**WHAT YOU ARE ASKED TO DO**
Everything from the line that contains "Wykonana z wysokiej" to the final line of the data, both ends included, must be set down exactly, apart from the pictures.

**RAW DATA**
============================================================
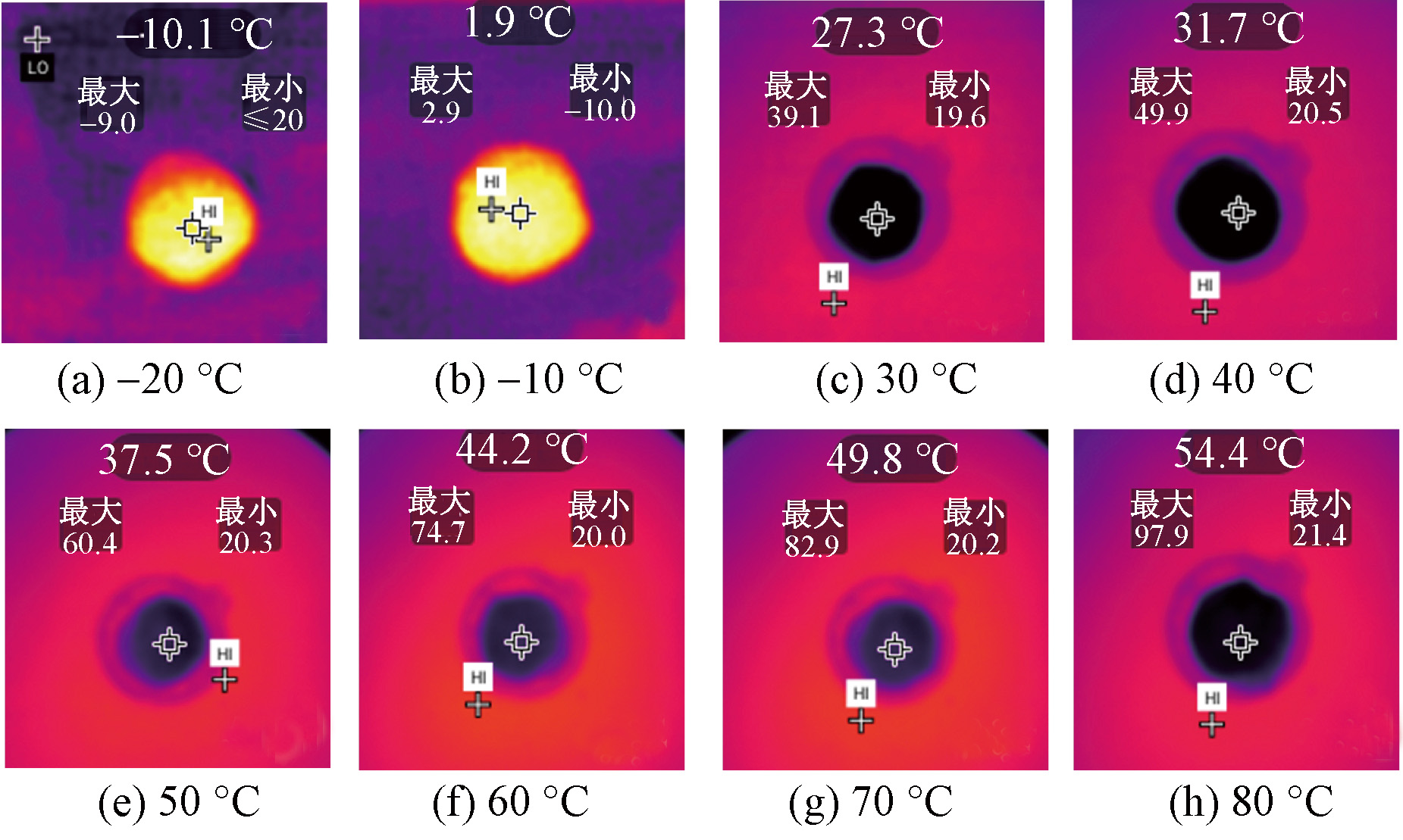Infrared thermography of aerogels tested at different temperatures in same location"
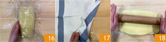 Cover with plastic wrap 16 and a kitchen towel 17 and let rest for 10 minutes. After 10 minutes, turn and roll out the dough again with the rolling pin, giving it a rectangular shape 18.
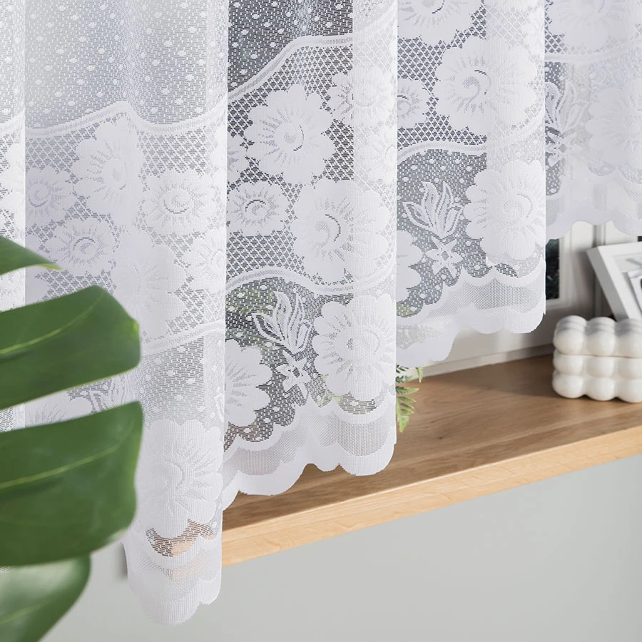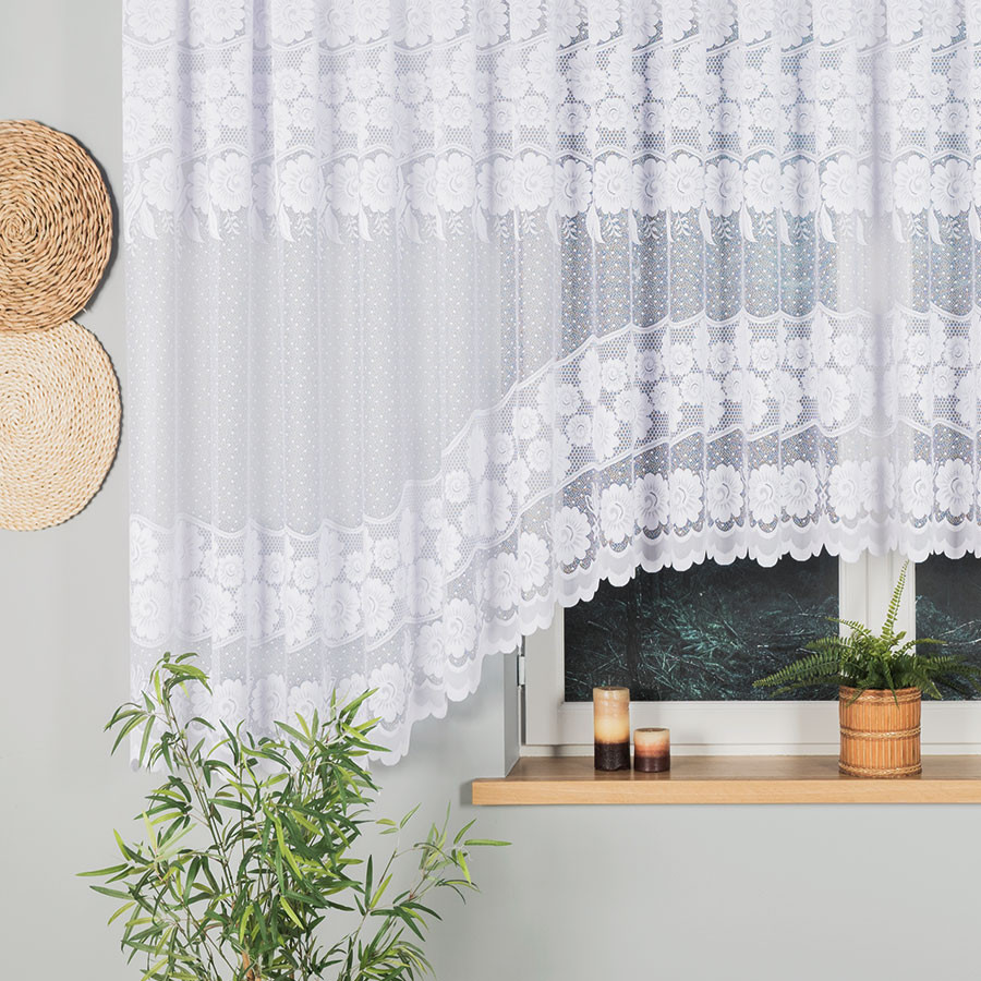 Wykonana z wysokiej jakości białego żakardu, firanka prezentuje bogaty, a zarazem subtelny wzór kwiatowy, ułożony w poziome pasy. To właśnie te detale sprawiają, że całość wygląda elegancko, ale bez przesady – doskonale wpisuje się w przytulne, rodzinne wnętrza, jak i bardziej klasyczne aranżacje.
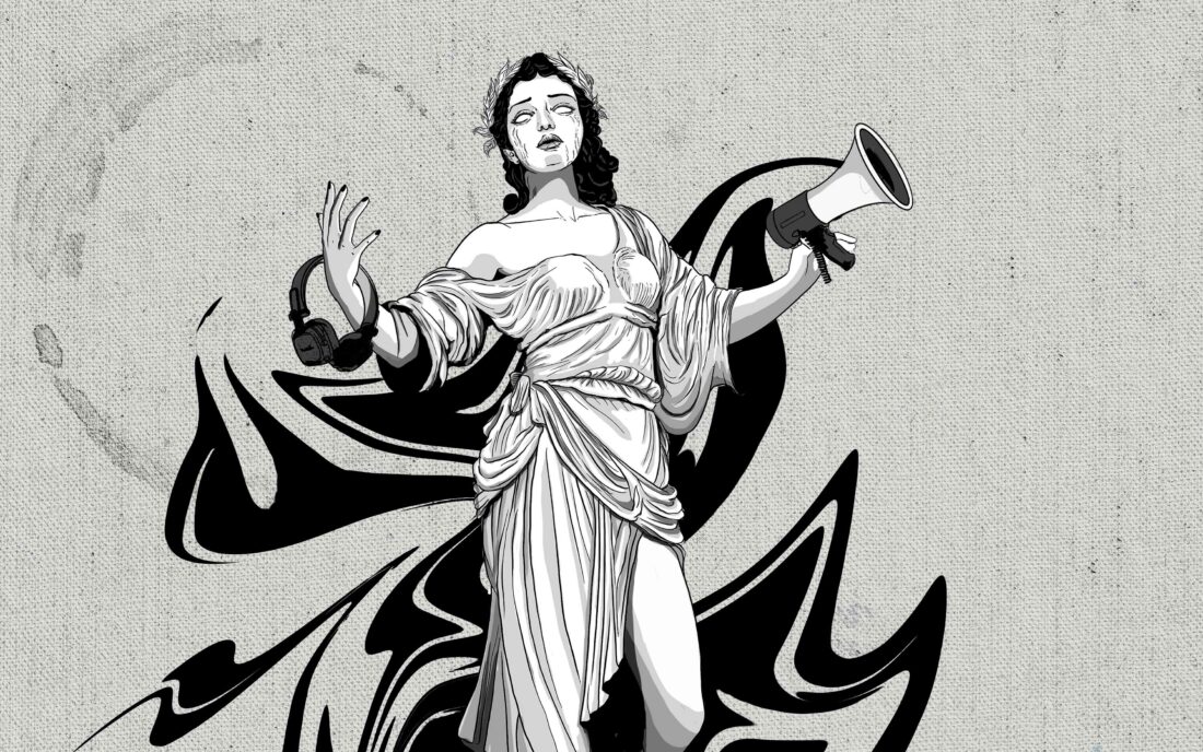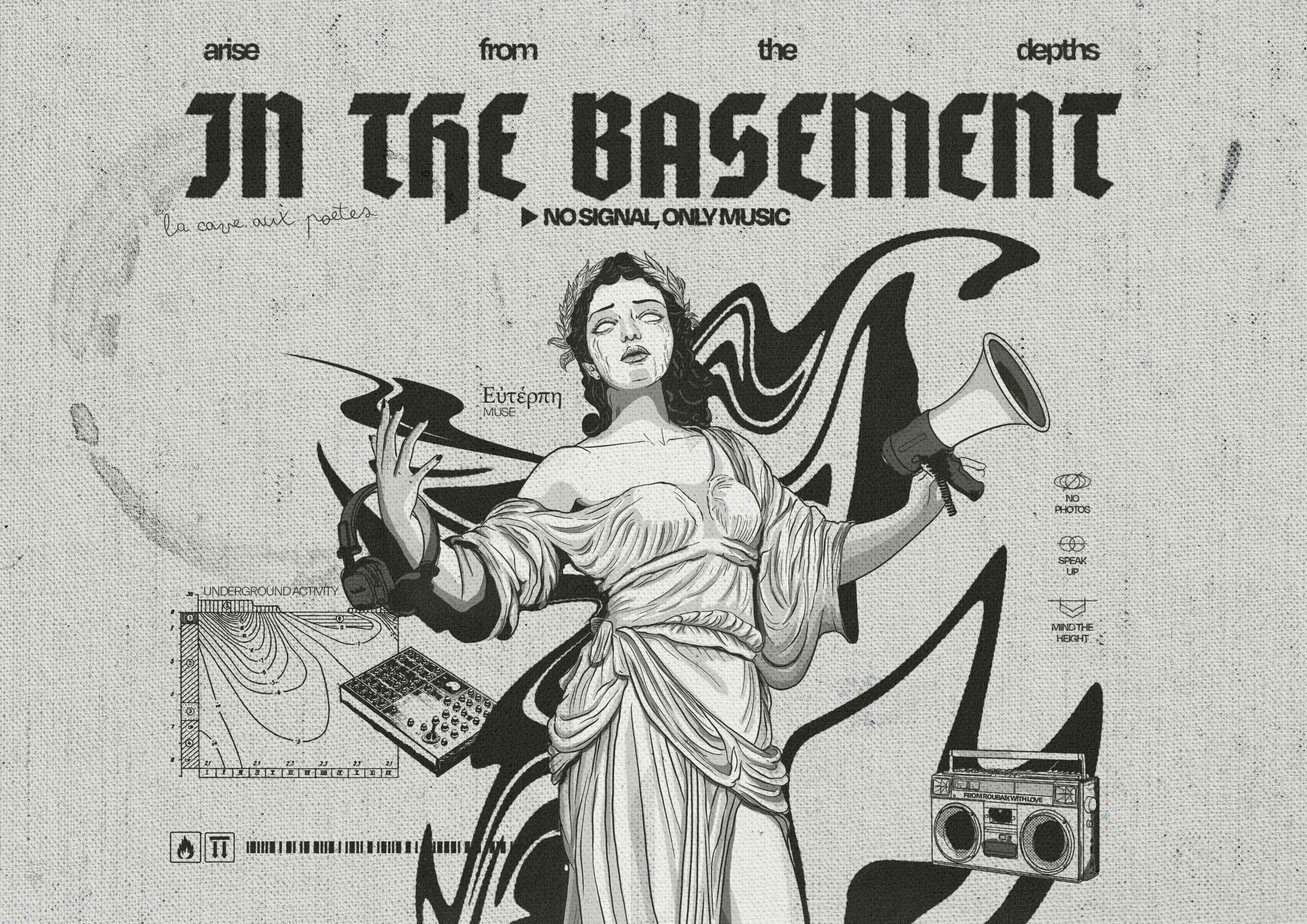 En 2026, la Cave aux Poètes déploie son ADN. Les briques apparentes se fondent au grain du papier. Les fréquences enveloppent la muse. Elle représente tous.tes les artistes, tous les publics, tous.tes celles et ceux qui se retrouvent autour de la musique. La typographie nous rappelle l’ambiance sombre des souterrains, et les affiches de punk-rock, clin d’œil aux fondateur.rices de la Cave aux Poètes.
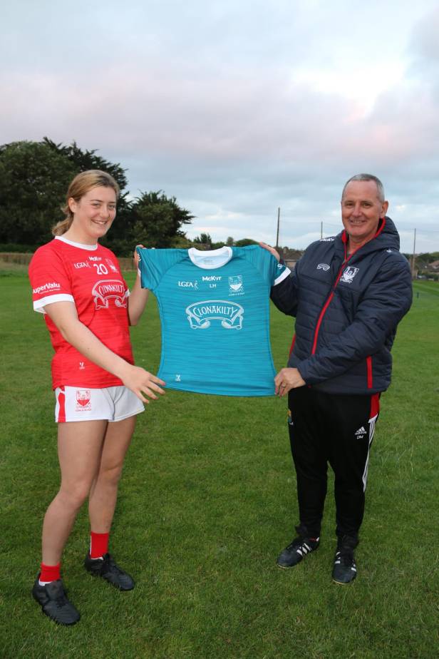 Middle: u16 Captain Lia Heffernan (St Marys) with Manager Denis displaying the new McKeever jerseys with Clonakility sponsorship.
============================================================
**ANSWER TO THIS TASK**
 Wykonana z wysokiej jakości białego żakardu, firanka prezentuje bogaty, a zarazem subtelny wzór kwiatowy, ułożony w poziome pasy. To właśnie te detale sprawiają, że całość wygląda elegancko, ale bez przesady – doskonale wpisuje się w przytulne, rodzinne wnętrza, jak i bardziej klasyczne aranżacje.
 En 2026, la Cave aux Poètes déploie son ADN. Les briques apparentes se fondent au grain du papier. Les fréquences enveloppent la muse. Elle représente tous.tes les artistes, tous les publics, tous.tes celles et ceux qui se retrouvent autour de la musique. La typographie nous rappelle l’ambiance sombre des souterrains, et les affiches de punk-rock, clin d’œil aux fondateur.rices de la Cave aux Poètes.
 Middle: u16 Captain Lia Heffernan (St Marys) with Manager Denis displaying the new McKeever jerseys with Clonakility sponsorship.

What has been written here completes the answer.